Your instructions.
Give an unaltered copy of the listing below, minus its pictures.

Data.
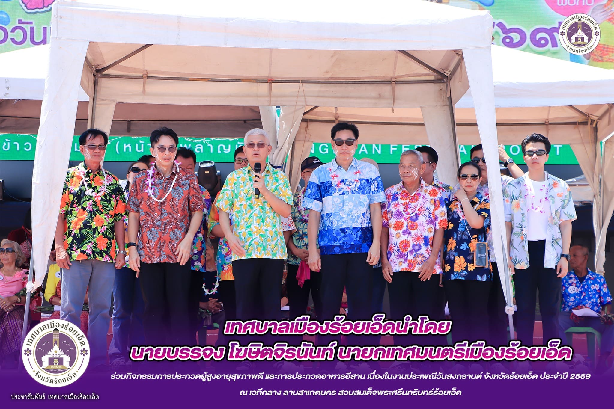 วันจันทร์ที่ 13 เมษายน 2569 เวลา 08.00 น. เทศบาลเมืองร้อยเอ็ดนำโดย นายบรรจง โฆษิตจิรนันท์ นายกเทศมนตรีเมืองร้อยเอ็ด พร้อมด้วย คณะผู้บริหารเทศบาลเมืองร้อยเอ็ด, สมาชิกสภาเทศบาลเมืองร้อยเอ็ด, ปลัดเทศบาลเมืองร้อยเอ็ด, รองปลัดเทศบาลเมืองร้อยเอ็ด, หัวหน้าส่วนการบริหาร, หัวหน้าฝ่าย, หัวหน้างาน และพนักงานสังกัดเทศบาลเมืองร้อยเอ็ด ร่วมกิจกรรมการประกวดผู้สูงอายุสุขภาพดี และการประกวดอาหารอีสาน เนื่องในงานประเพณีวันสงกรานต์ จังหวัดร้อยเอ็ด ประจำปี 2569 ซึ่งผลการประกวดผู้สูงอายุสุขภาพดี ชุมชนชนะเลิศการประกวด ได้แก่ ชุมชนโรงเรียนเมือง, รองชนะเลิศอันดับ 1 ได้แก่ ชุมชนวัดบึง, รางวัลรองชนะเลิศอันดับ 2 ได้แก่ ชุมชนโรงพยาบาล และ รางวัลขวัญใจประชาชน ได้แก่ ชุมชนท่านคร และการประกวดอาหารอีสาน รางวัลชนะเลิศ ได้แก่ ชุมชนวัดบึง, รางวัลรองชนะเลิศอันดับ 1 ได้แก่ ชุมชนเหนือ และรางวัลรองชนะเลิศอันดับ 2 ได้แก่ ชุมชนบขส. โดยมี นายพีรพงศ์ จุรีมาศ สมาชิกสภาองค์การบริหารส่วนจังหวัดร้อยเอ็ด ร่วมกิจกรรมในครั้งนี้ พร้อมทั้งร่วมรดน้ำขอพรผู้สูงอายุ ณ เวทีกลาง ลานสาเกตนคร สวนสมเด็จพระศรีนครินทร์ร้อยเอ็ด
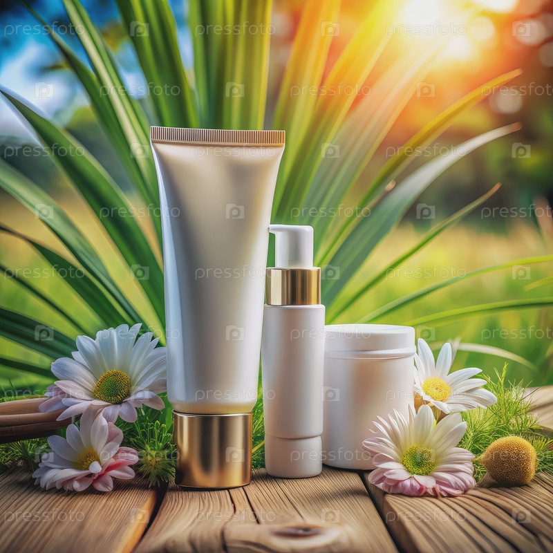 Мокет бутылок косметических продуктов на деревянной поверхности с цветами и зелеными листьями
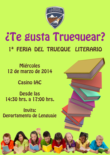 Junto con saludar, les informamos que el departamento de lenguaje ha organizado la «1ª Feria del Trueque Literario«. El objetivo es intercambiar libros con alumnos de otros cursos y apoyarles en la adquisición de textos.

Solved problem.
 วันจันทร์ที่ 13 เมษายน 2569 เวลา 08.00 น. เทศบาลเมืองร้อยเอ็ดนำโดย นายบรรจง โฆษิตจิรนันท์ นายกเทศมนตรีเมืองร้อยเอ็ด พร้อมด้วย คณะผู้บริหารเทศบาลเมืองร้อยเอ็ด, สมาชิกสภาเทศบาลเมืองร้อยเอ็ด, ปลัดเทศบาลเมืองร้อยเอ็ด, รองปลัดเทศบาลเมืองร้อยเอ็ด, หัวหน้าส่วนการบริหาร, หัวหน้าฝ่าย, หัวหน้างาน และพนักงานสังกัดเทศบาลเมืองร้อยเอ็ด ร่วมกิจกรรมการประกวดผู้สูงอายุสุขภาพดี และการประกวดอาหารอีสาน เนื่องในงานประเพณีวันสงกรานต์ จังหวัดร้อยเอ็ด ประจำปี 2569 ซึ่งผลการประกวดผู้สูงอายุสุขภาพดี ชุมชนชนะเลิศการประกวด ได้แก่ ชุมชนโรงเรียนเมือง, รองชนะเลิศอันดับ 1 ได้แก่ ชุมชนวัดบึง, รางวัลรองชนะเลิศอันดับ 2 ได้แก่ ชุมชนโรงพยาบาล และ รางวัลขวัญใจประชาชน ได้แก่ ชุมชนท่านคร และการประกวดอาหารอีสาน รางวัลชนะเลิศ ได้แก่ ชุมชนวัดบึง, รางวัลรองชนะเลิศอันดับ 1 ได้แก่ ชุมชนเหนือ และรางวัลรองชนะเลิศอันดับ 2 ได้แก่ ชุมชนบขส. โดยมี นายพีรพงศ์ จุรีมาศ สมาชิกสภาองค์การบริหารส่วนจังหวัดร้อยเอ็ด ร่วมกิจกรรมในครั้งนี้ พร้อมทั้งร่วมรดน้ำขอพรผู้สูงอายุ ณ เวทีกลาง ลานสาเกตนคร สวนสมเด็จพระศรีนครินทร์ร้อยเอ็ด
 Мокет бутылок косметических продуктов на деревянной поверхности с цветами и зелеными листьями
 Junto con saludar, les informamos que el departamento de lenguaje ha organizado la «1ª Feria del Trueque Literario«. El objetivo es intercambiar libros con alumnos de otros cursos y apoyarles en la adquisición de textos.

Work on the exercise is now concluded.